April 5, 2021
In a 9-0 ruling authored by Justice Brett Kavanaugh, the U.S. Supreme Court loosened local media ownership restrictions, which could enable more industry consolidation. It’s viewed as a victory for broadcasters that wanted to overturn the 2017 decision of the Third Circuit Court of Appeals that found the FCC did not sufficiently consider the effect of changes on minority and female owners. The FCC appeal was supported by News Corp, Fox Corporation, Sinclair Broadcast Group and the National Association of Broadcasters.
Reuters reports that, “the associations for other broadcast networks’ local affiliates, including ABC, NBC and CBS, backed the appeals, arguing that consolidation would help ensure the economic survival of local television amid heavy competition from Internet companies that provide video content.”
In 2017, the FCC, led by Republicans during the Trump administration, “voted to eliminate a ban in place since 1975 on cross-ownership of a newspaper and TV station in a major market … [and] to make it easier for media companies to buy additional TV stations in the same market, and for companies to buy additional radio stations in some markets.”
The FCC, led by acting chair Jessica Rosenworcel, who voted against the 2017 decision, is now split between Democrats and Republicans, although President Biden will nominate a new commissioner, ensuring a Democratic majority after Senate confirmation.
In the ruling, writing for the majority, Kavanaugh said that repealing or modifying ownership rules “was not likely to harm minority and female ownership.” Former FCC commissioner Mike O’Rielly opined that although there would be some consolidation, “no massive deals” would take place.
Critics, however, are not assuaged. Free Press, an advocacy group, said Congress and the FCC “must recognize that hedge-fund and Wall Street-driven consolidation harms local communities, and only decimates what’s left of competition and diversity … The silver lining here is [the court] deferred to the agency’s judgment and left room for a new commission to get this right.”
Variety reports that non-profit Prometheus Radio Project led the petitioners that challenges the FCC’s move, saying that the decision was made based on “flawed data.” Kavanaugh rebutted, “the FCC reasoned that the historical justifications for those ownership rules no longer apply in today’s media market” and that, “its best estimate, based on the sparse record evidence, was that repealing or modifying the three rules at issue here was not likely to harm minority and female ownership.”
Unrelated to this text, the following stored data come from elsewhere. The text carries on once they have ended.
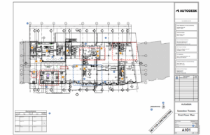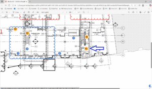 שימו לב בדוגמא לסימוני הערות (Issues) ועננים על גבי התוכנית שסומנו כחלק מבקרה על התכנון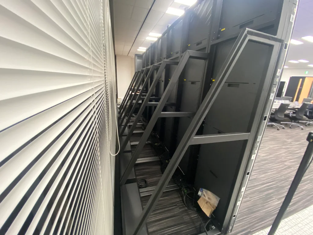 バックス株式会社の東京オフィスに可動式のLEDビジョンを導入しました。今回は幅4,480mmのビジョンを、幅640mmに7分割し、ビジョンの足元にキャスターを設置した「可動式のLEDビジョン」となっています。 未使用時には移動したり、使用したいサイズのみ使用することもできるので、臨機応変な使い方が可能なLEDビジョンです。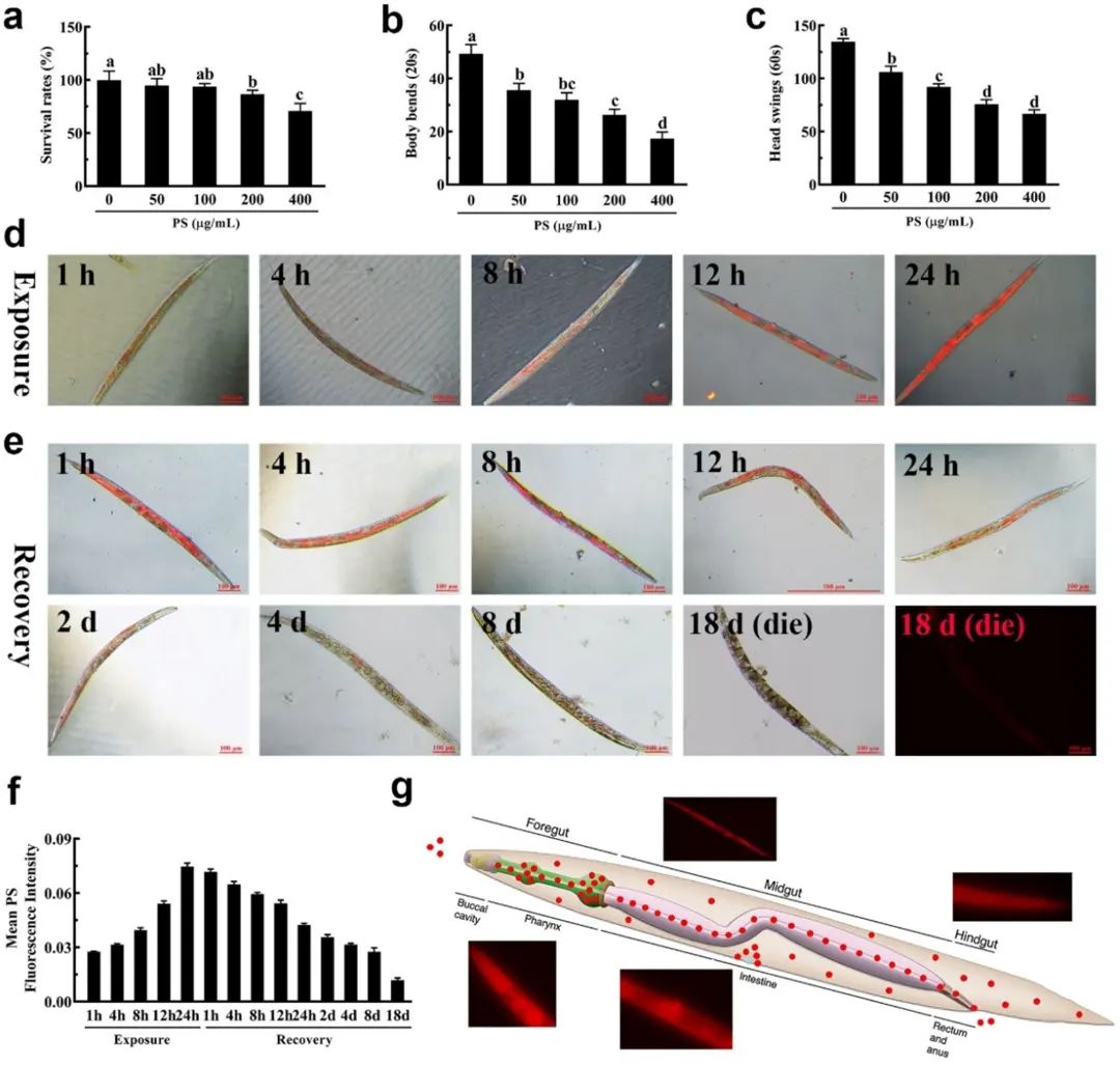 实验结果与长时间相似,随着纳米塑料浓度的增加,线虫表现出存活率降低和运动行为显著减弱 (图2a-c)。并且,随着暴露时间的延长,纳米塑料在蠕虫体内的吸收和积累也增强。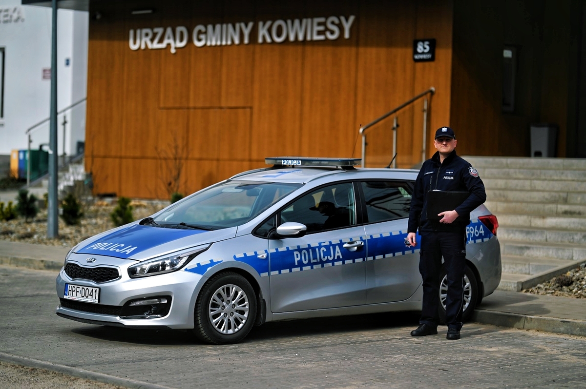 Kolejnym prezentowanym funkcjonariuszem jest mł. asp. Artur Gadzinowski – pełniący służbę jako dzielnicowy w rejonie nr 15 w Gminie Kowiesy.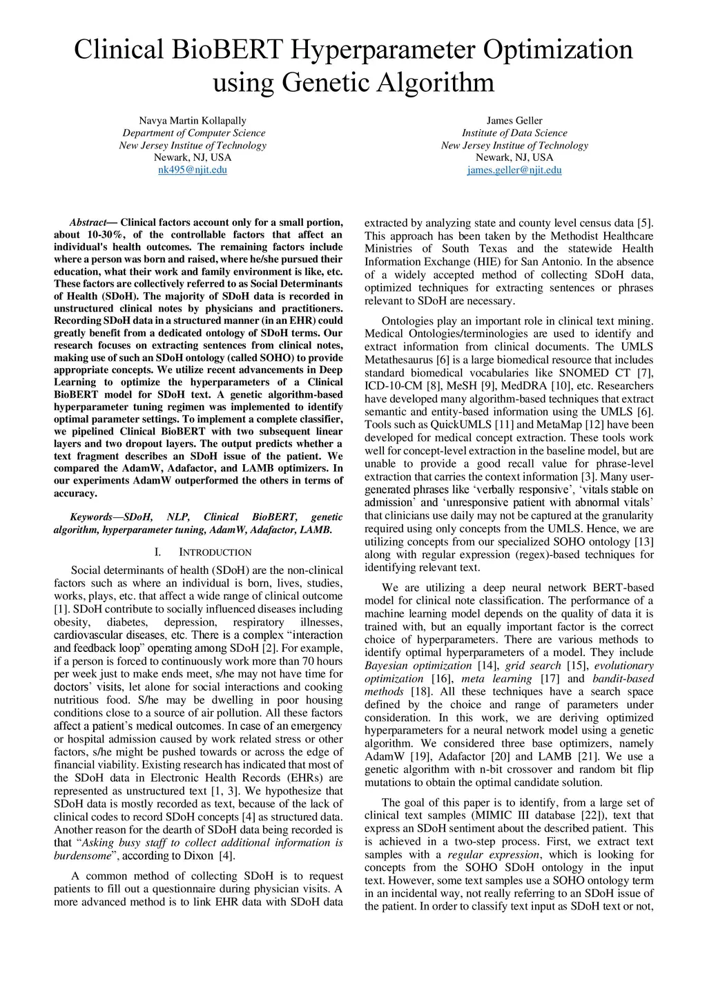 Clinical BioBERT Hyperparameter Optimization using Genetic Algorithm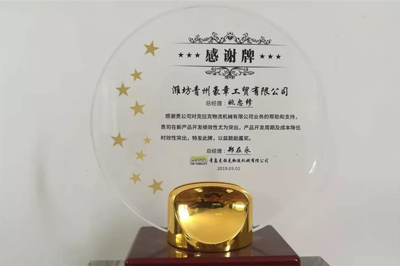 在今年青岛克拉克物流机械有限公司举办的“2018年度供应商年会”上,山东宇信铸业有限公司(原青州豪章工贸有限公司)凭借稳定的产品质量和按期交付,在众多同类供应商中脱颖而出,成为克拉克公司首选供应商,被授予突出贡献奖和感谢牌。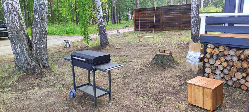 У каждого домика есть приватная зона, где расположен мангал, садовая мебель, качели. Пожарить шашлык, посидеть на открытом воздухе, любуясь деревьями и небом, послушать пение птиц, ощутить покой и умиротворение надвигающегося вечера - вот отличное завершение активного, полного впечатлений дня.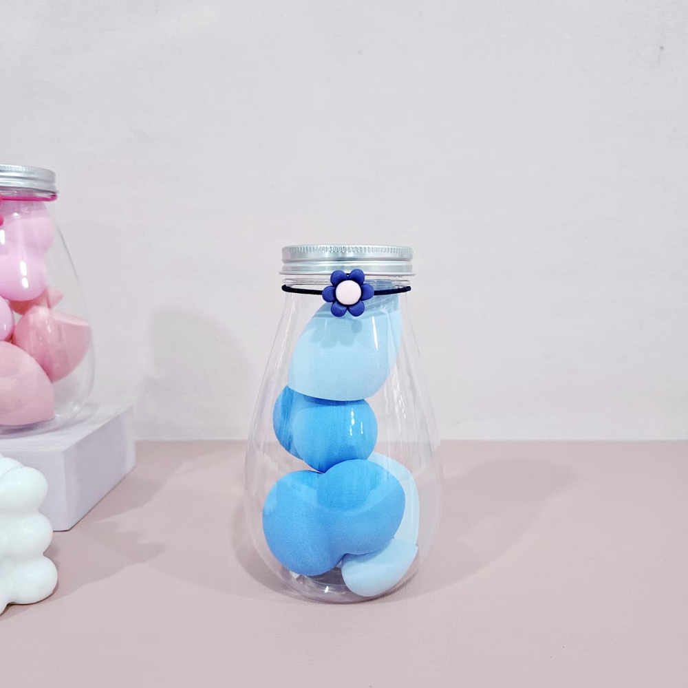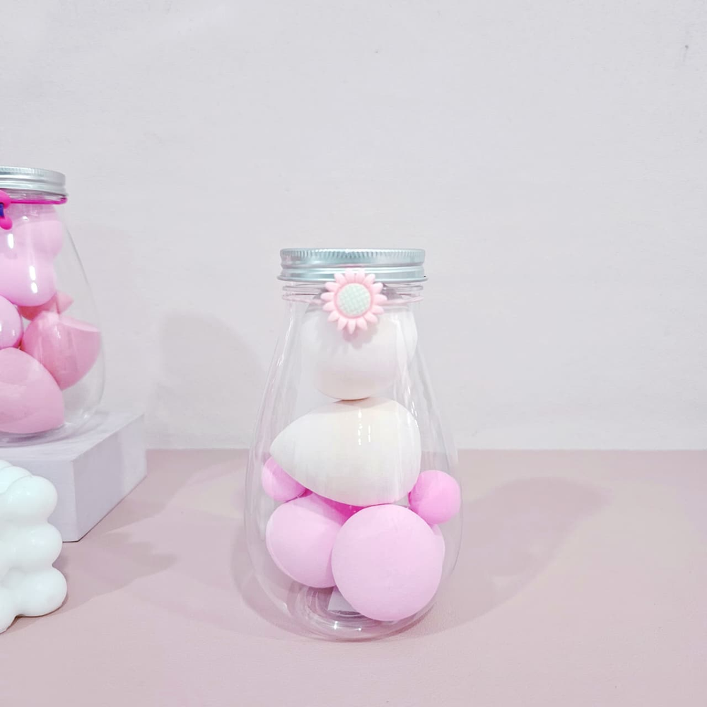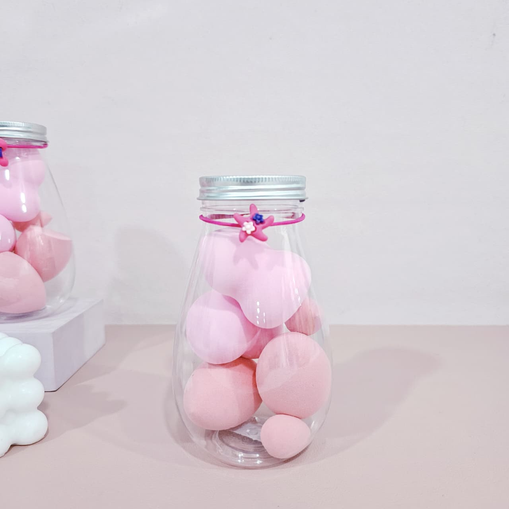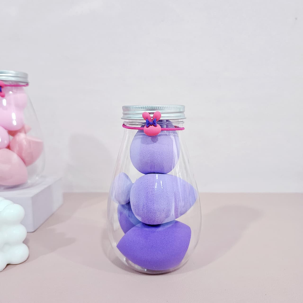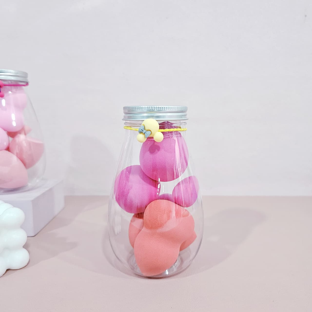 (Frasco con 6 esponjas para maquillaje de distintos tamaños y modelos, ideales para cada zona del rostro,las esponjas son lavables y reutilizables. El frasco en forma de gota con tapa a rosca y una colita con dije como decoración).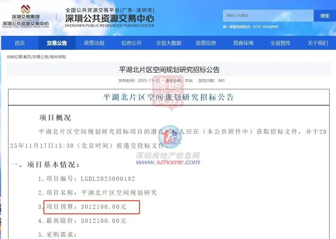 近日,深圳市规划和自然资源局龙岗管理局正式启动“平湖北片区空间规划研究”项目招标,计划投入金额301.21万元。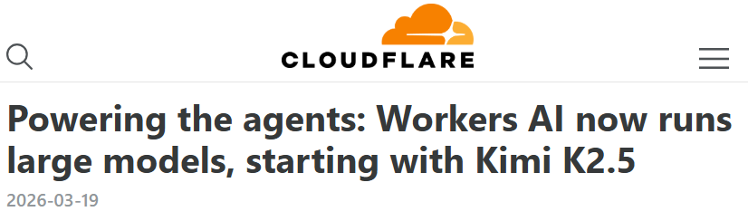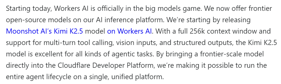 与此同时,全球最大的CDN服务商Cloudflare也在同一周宣布,将Kimi K2.5作为Workers AI平台上线的首个开源模型。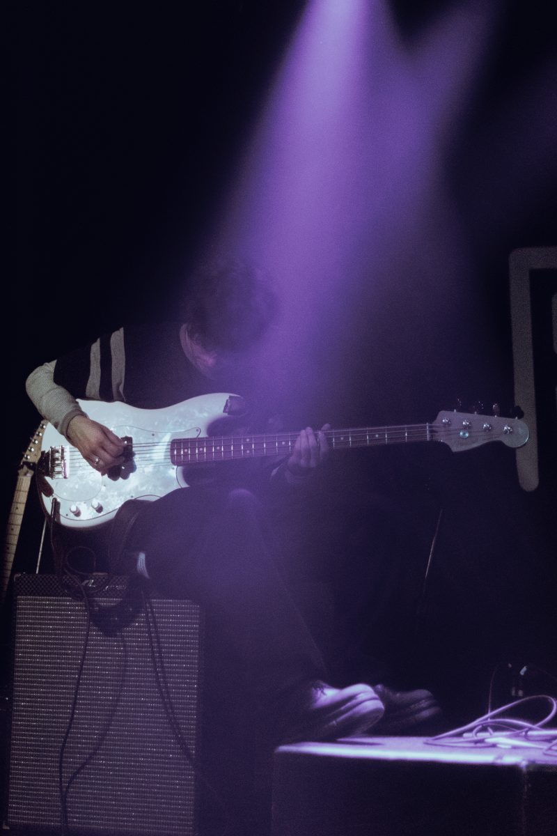 In contrast, Takedown is one of the rarer slow moments in the live set; frontman Sam Slocum plays an acoustic guitar, a new addition to the band, while bassist Nico Brunstein sits on an amp towards the back of the stage by drummer Laila Wayans.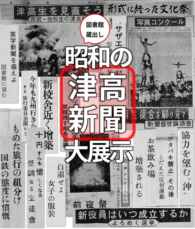 昭和の「津高新聞」大展示 2024年07月22日(月) 津高校図書館には、「津高新聞」の昭和のバックナンバーもあります。 今回は、その中の一部を展示します。 「故きを温ねて新しきを知る」と言います。 現代との違いや共通点を発見してみましょう。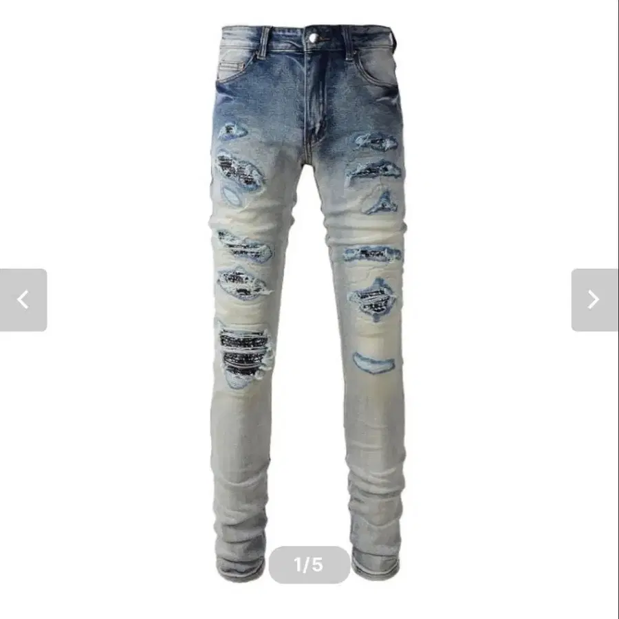 데미지 가공 라이트 블루 슬림핏 데님 사이즈 28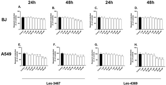 Metabolic activity of increasing concentrations of Les-3467 (A,B,E,F) and Les-4369 (C,D,G,H) (1 nM–100 μM) in the A549 cancer cell line and the BJ normal cell line after 24 h (A,E,C,G) and 48 h (B,F,D,H). The statistical significance of each data point was analyzed by Tukey’s test using one-way ANOVA for each study group; * p < 0.05, ** p < 0.01, and *** p < 0.001, compared with control cells.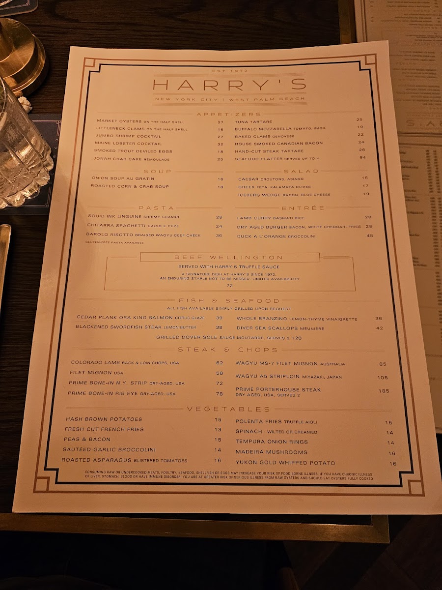 Welcome to Harry's, a distinguished culinary gem in West Palm Beach that promises an exceptional dining experience. Located at 384 S Rosemary Ave, this restaurant is a blend of elegance and top-notch service, making it a must-visit. The menu at Harry's features an impressive array of dishes that cater to every palate. Start your meal with delicious Harry's Salad or indulge in an exquisite Cedar Plank Ora King Salmon for a taste of the ocean’s best. For a true indulgence, the Dry Aged NY Strip Steak is a standout, praised for its extraordinary flavor and tenderness. Another must-try is their renowned Beef Wellington, a dish that has garnered rave reviews. Pair your meal with unique cocktails or their extensive wine selection for the ultimate experience. With a chic ambiance and attentive service, Harry's is a culinary destination you shouldn't miss.

In the wake of the Supreme Court decision, Sinclair Broadcast Group’s stock rose 4.3 percent in early trading and Nexstar shares jumped 3 percent, while NAB president Gordon Smith lauded the unanimous ruling. But former FCC commissioner Michael Copps, who noted the FCC has to review ownership rules every four years, said, “unlike the FCC under the Trump administration, this FCC will not ignore the rule of law and its own policy objectives to appease media conglomerates pushing for more consolidation.”